Yes, a Hamiltonian with non-spherical potential can commute with l^2. This is because the commutation between the Hamiltonian and l^2 is determined by the symmetry of the potential. If the potential has spherical symmetry, then it will commute with l^2. However, if the potential does not have spherical symmetry, then it may not commute with l^2.
A non-spherical potential in a Hamiltonian can represent a more realistic and complex system. It allows for the consideration of different types of interactions and forces, such as anisotropic interactions or external fields. This can lead to a more accurate description of physical systems.

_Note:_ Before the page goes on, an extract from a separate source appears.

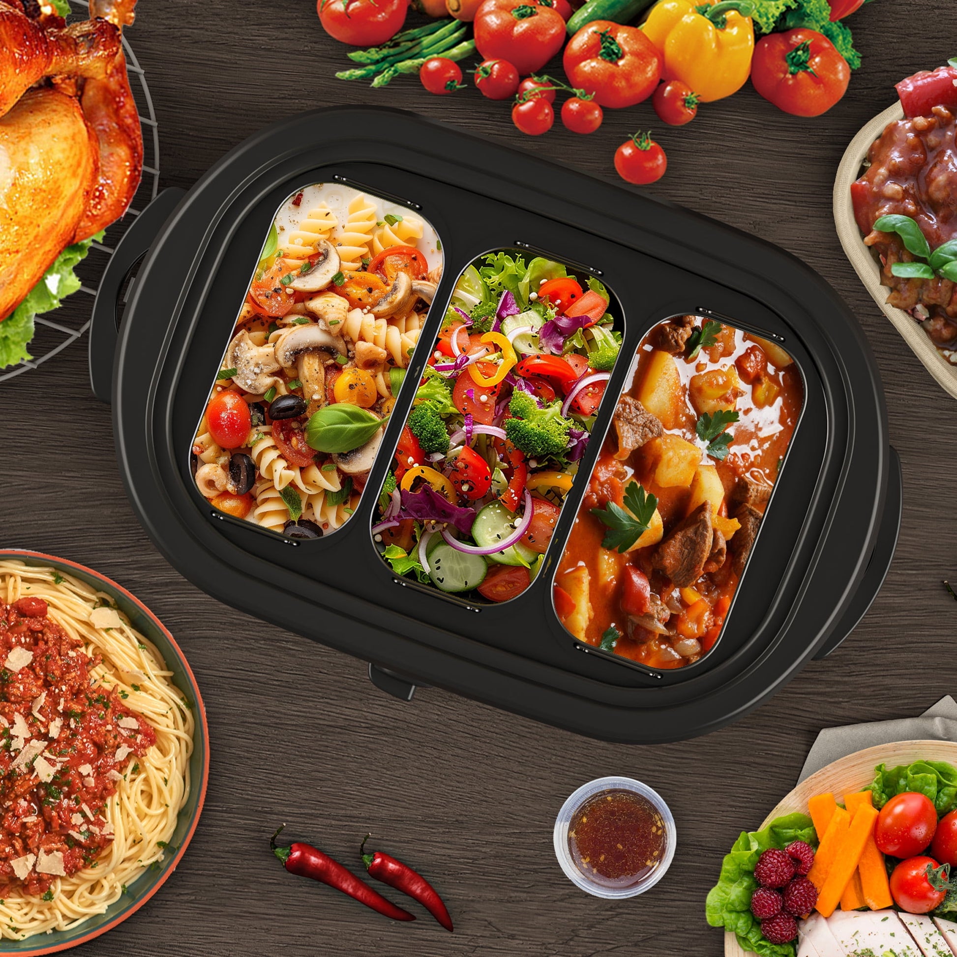The Sunvivi Electric Roaster Oven, 24 QT Roaster with 3 Compartments and Self-Basting Lid, is your ultimate kitchen multitasker for effortless meal prep. This versatile electric roaster oven is perfect for roasting, baking, slow cooking, and reheating, making it ideal for family dinners, holiday gatherings, and parties. The included buffet server features three separate compartments, allowing you to cook and keep multiple dishes warm at once, from turkey and chicken to side dishes like mashed potatoes and vegetables. With a full-range adjustable thermostat from 150 to 450¡ãF, you can easily defrost frozen foods or maintain the perfect serving temperature. The self-basting lid helps lock in moisture for juicy results, while anti-scald handles provide added safety during use. Cleanup is simple with a liftable rack and dishwasher-safe removable roasting pan and buffet trays. Designed with a durable stainless steel body and enamel pan, this 24-quart roaster oven combines convenience, versatility, and easy care, making it a must-have for any home chef looking to streamline cooking and serving.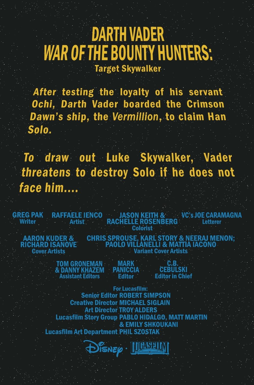 "TARGET SKYWALKER" All of DARTH VADER'S careful scheming and brutal power moves to claim HAN SOLO'S frozen body have one ultimate end goal: LUKE SKYWALKER, the only person who could challenge Vader's primacy at the Emperor's side. Now everything comes to a head as father closes in on son and Luke finally grasps a shocking truth... ...one that will shape his destiny FOREVER!

The shape of the potential directly affects the commutation with l^2. If the potential has spherical symmetry, then it will commute with l^2. However, if the potential does not have spherical symmetry, then it may not commute with l^2. This is because the commutation is determined by the symmetry of the potential.
One limitation of a non-spherical potential in a Hamiltonian is that it can be more mathematically complex and difficult to solve compared to a spherical potential. This can make it challenging to obtain analytical solutions and may require numerical methods. Additionally, the physical interpretation of the potential may also be more complex.
The commutation with l^2 affects the energy levels of a system by determining the allowed quantum numbers and corresponding energy levels. If the Hamiltonian commutes with l^2, then the energy levels will be quantized and the system will have discrete energy states. If the Hamiltonian does not commute with l^2, then the energy levels may not be quantized, leading to a continuous spectrum of energy states.